Al'mah and Jasmine had been under the same roof but now; and Al'mah was nursing Jasmine's husband—surely life was merely farce and tragedy.

At this moment an orderly delivered a message to Barry Whalen. He rose to go, but turned back to Stafford again.

"She'd be glad to see you, I'm certain," he said. "You never can tell what a turn sickness will take in camp, and she's looking pretty frail. We all ought to stand by Byng and whatever belongs to Byng. No need to say that to you; but you've got a lot of work and responsibility, and in the rush you mightn't realize that she's more ill than the chill makes her. I hope you won't mind my saying so in my stupid way."

Stafford rose and grasped his hand, and a light of wonderful friendliness and comradeship shone in his eyes.

"Beau chevalier! Beau chevalier!" was all he said, and impulsive Barry Whalen went away blinking; for hard as iron as he was physically, and a fighter of courage, his temperament got into his eyes or at his lips very easily.

Stafford looked after him admiringly. "Lucky the man who has such a friend," he said aloud—"Sans peur et sans reproche! He could not betray a "—the waving of wings above him caught his eye—"he could not betray an aasvogel." His look followed the bird of prey, the servitor of carrion death, as it flew down the wind.

He had absorbed the salt of tears and valour. He had been enveloped in the Will that makes all wills as one, the will of a common purpose; and it had changed his attitude towards his troubles, towards his past, towards his future.

What Barry had said to him, and especially the tale of the New Zealander, had revealed the change which had taken place. The War had purged his mind, cleared his vision. When he left England he was immersed in egoism, submerged by his own miseries. He had isolated himself in a lazaretto of self-reproach and resentment. The universe was tottering because a woman had played him false. Because of this obsession of self, he was eager to be done with it all, to pay a price which he might have paid, had it been possible to meet Rudyard pistol or sword in hand, and die as many such a man has done, without trying to save his own life or to take the life of another. That he could not do. Rudyard did not know the truth, had not the faintest knowledge that Jasmine had been more to himself than an old and dear friend. To pay the price in any other way than by eliminating himself from the equation was to smirch her name, be the ruin of a home, and destroy all hope for the future.

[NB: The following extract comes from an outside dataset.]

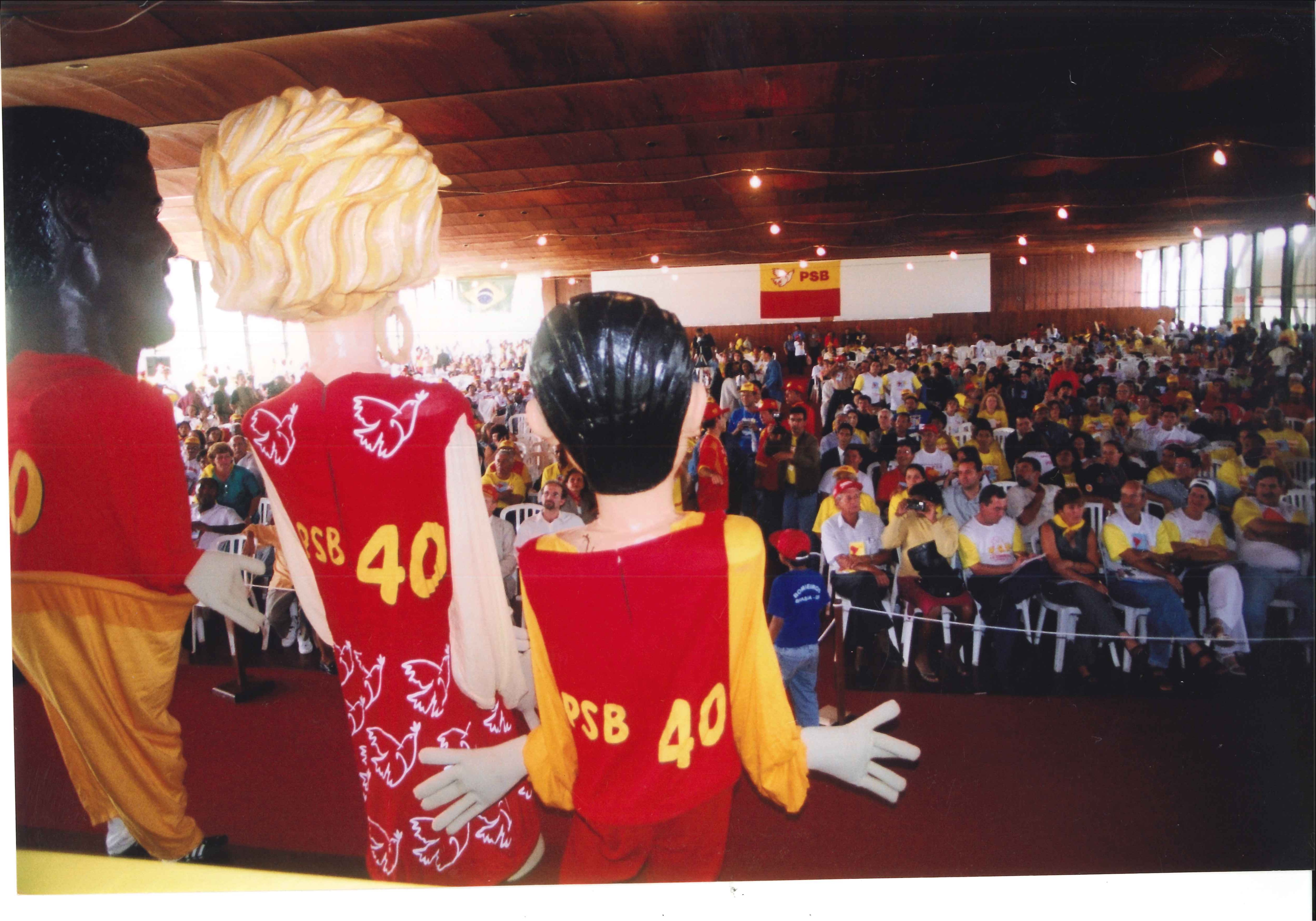 Integrantes da plenária do VIII Congresso assistindo desfile de bonecos gigantes com o número e o símbolo do PSB.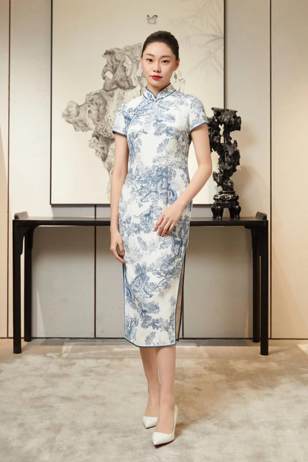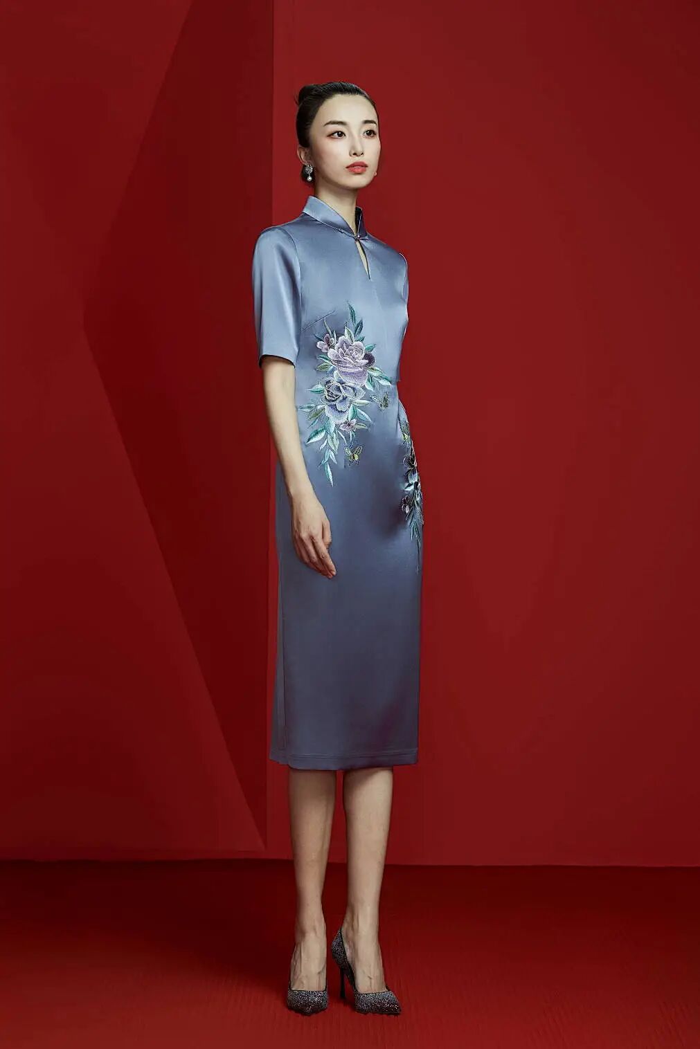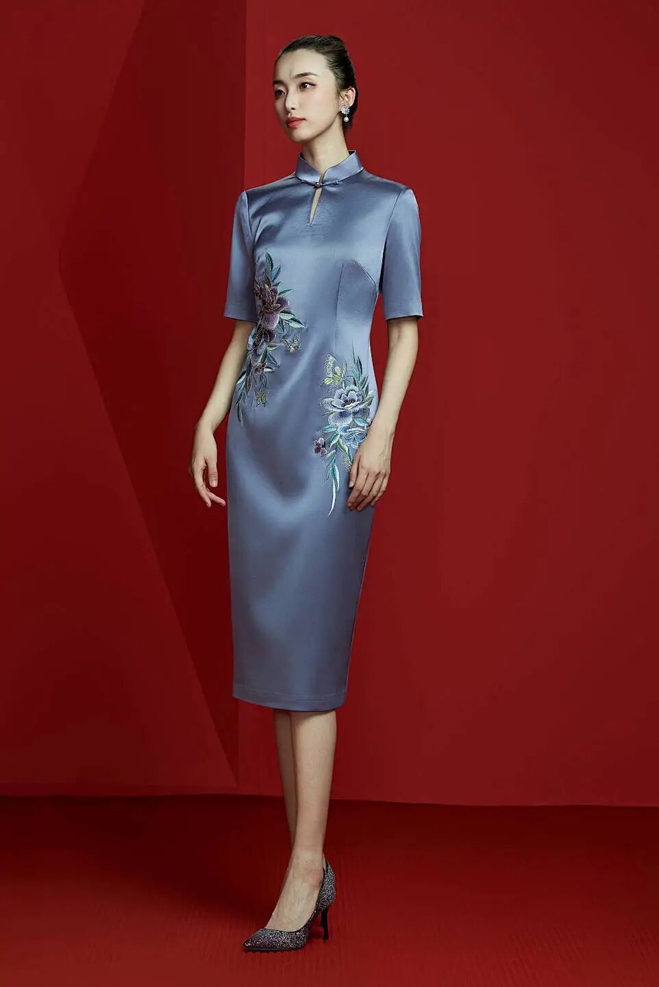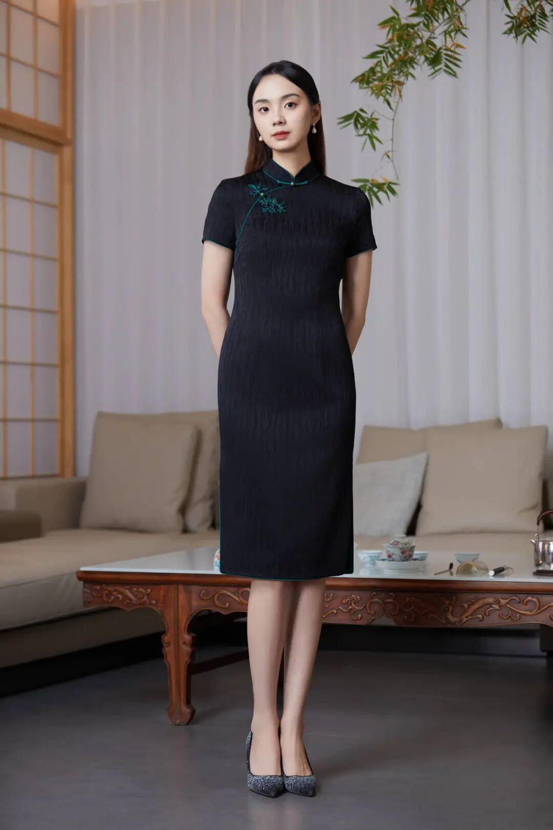 懿菲旗袍<柳宠花迷>,立领设计配上手工扣的精巧,展现出旗袍的优雅之美。

It had seemed to him that there was no other way than to disappear honourably through one of the hundred gates which the war would open to him—to go where Death ambushed the reckless or the brave, and take the stroke meant for him, on a field of honour all too kind to himself and soothing to those good friends who would mourn his going, those who hoped for him the now unattainable things.

In a spirit of stoic despair he had come to the seat of war. He had invited Destiny to sweep him up in her reaping, by placing himself in the ambit of her scythe; but the sharp reaping-hook had passed him by.